→ Input data:
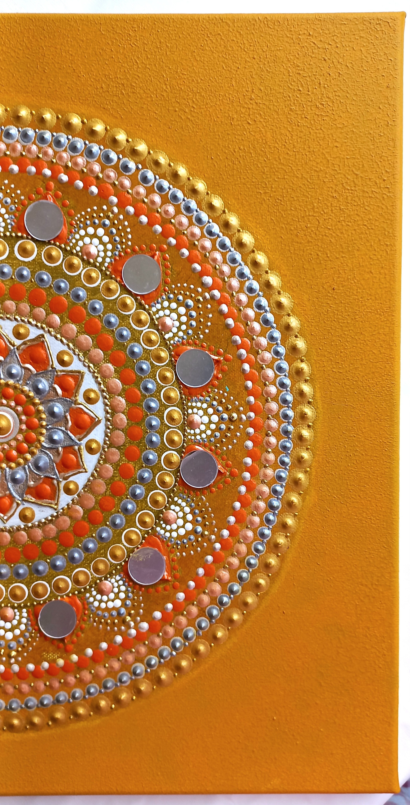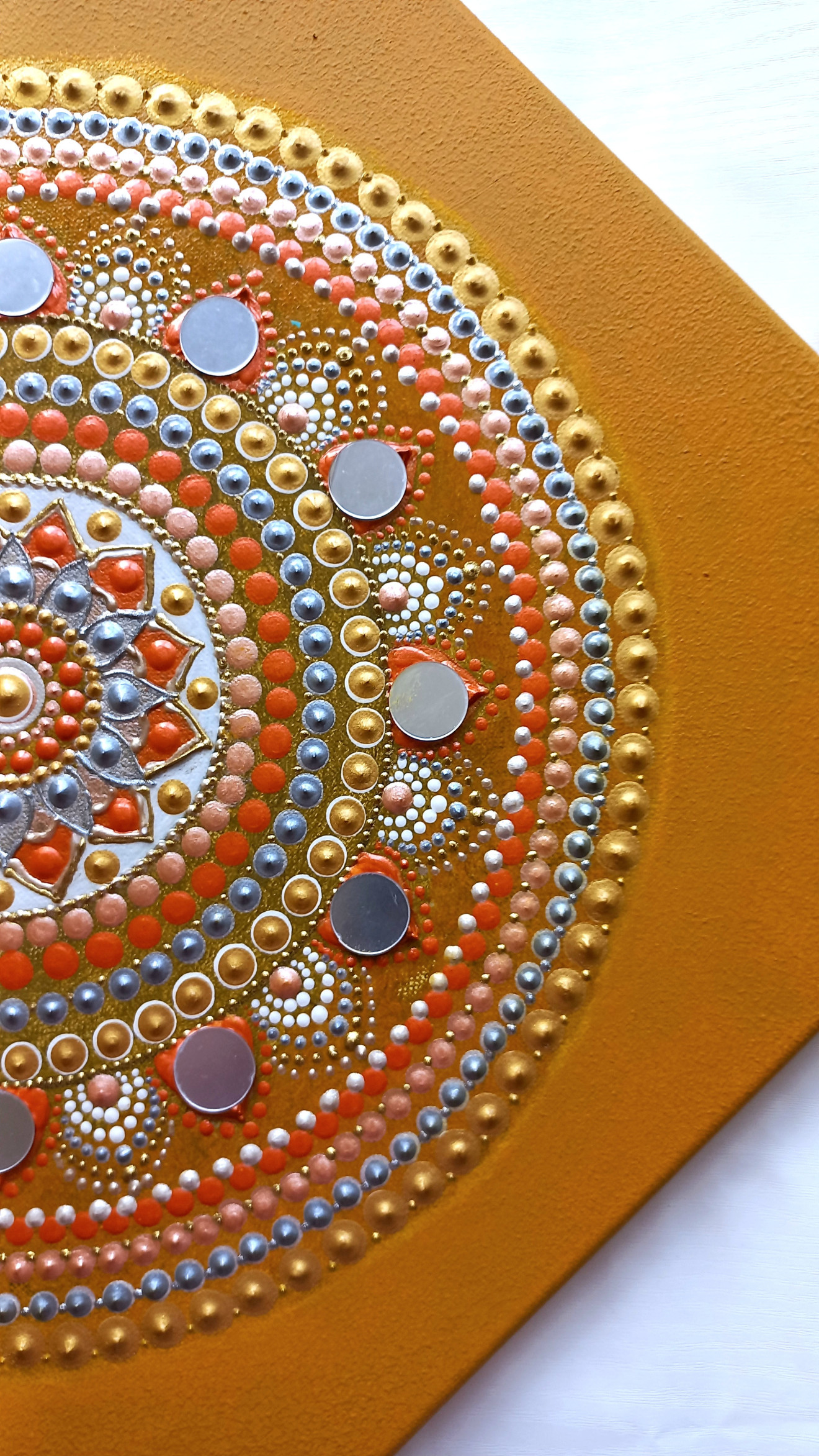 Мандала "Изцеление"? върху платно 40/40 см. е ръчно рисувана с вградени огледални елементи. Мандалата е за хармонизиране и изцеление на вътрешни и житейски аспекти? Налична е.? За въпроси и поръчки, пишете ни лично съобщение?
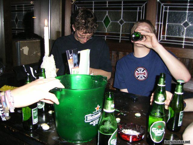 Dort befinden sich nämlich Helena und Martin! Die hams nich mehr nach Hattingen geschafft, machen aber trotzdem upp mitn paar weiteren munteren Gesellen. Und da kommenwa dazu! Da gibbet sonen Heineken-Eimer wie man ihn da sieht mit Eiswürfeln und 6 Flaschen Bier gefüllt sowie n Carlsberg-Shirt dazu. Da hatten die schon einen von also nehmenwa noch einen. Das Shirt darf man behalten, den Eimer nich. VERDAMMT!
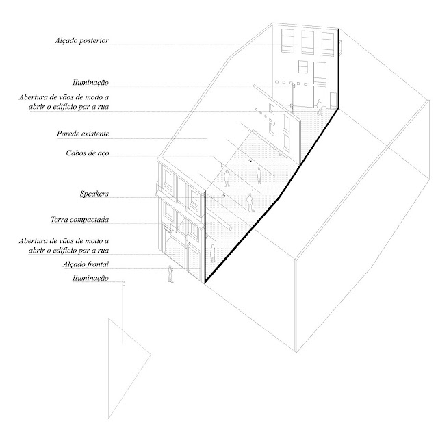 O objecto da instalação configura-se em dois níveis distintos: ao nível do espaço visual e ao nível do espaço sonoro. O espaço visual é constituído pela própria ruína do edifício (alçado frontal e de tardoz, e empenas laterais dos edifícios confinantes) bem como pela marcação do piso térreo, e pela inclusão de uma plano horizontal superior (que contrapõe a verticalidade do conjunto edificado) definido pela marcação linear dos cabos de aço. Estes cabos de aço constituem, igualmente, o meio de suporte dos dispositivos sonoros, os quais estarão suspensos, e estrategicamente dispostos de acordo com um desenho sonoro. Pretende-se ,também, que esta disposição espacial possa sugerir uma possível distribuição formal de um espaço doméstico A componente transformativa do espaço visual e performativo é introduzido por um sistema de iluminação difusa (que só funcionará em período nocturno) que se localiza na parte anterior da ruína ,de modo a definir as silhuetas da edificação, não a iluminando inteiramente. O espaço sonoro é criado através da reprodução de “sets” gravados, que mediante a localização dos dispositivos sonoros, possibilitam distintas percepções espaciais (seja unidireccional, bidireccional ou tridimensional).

→ What to work on:
When copying the listing, skip the pictures and keep each line exactly as written.

→ Written solution:
 Мандала "Изцеление"? върху платно 40/40 см. е ръчно рисувана с вградени огледални елементи. Мандалата е за хармонизиране и изцеление на вътрешни и житейски аспекти? Налична е.? За въпроси и поръчки, пишете ни лично съобщение?
 Dort befinden sich nämlich Helena und Martin! Die hams nich mehr nach Hattingen geschafft, machen aber trotzdem upp mitn paar weiteren munteren Gesellen. Und da kommenwa dazu! Da gibbet sonen Heineken-Eimer wie man ihn da sieht mit Eiswürfeln und 6 Flaschen Bier gefüllt sowie n Carlsberg-Shirt dazu. Da hatten die schon einen von also nehmenwa noch einen. Das Shirt darf man behalten, den Eimer nich. VERDAMMT!
 O objecto da instalação configura-se em dois níveis distintos: ao nível do espaço visual e ao nível do espaço sonoro. O espaço visual é constituído pela própria ruína do edifício (alçado frontal e de tardoz, e empenas laterais dos edifícios confinantes) bem como pela marcação do piso térreo, e pela inclusão de uma plano horizontal superior (que contrapõe a verticalidade do conjunto edificado) definido pela marcação linear dos cabos de aço. Estes cabos de aço constituem, igualmente, o meio de suporte dos dispositivos sonoros, os quais estarão suspensos, e estrategicamente dispostos de acordo com um desenho sonoro. Pretende-se ,também, que esta disposição espacial possa sugerir uma possível distribuição formal de um espaço doméstico A componente transformativa do espaço visual e performativo é introduzido por um sistema de iluminação difusa (que só funcionará em período nocturno) que se localiza na parte anterior da ruína ,de modo a definir as silhuetas da edificação, não a iluminando inteiramente. O espaço sonoro é criado através da reprodução de “sets” gravados, que mediante a localização dos dispositivos sonoros, possibilitam distintas percepções espaciais (seja unidireccional, bidireccional ou tridimensional).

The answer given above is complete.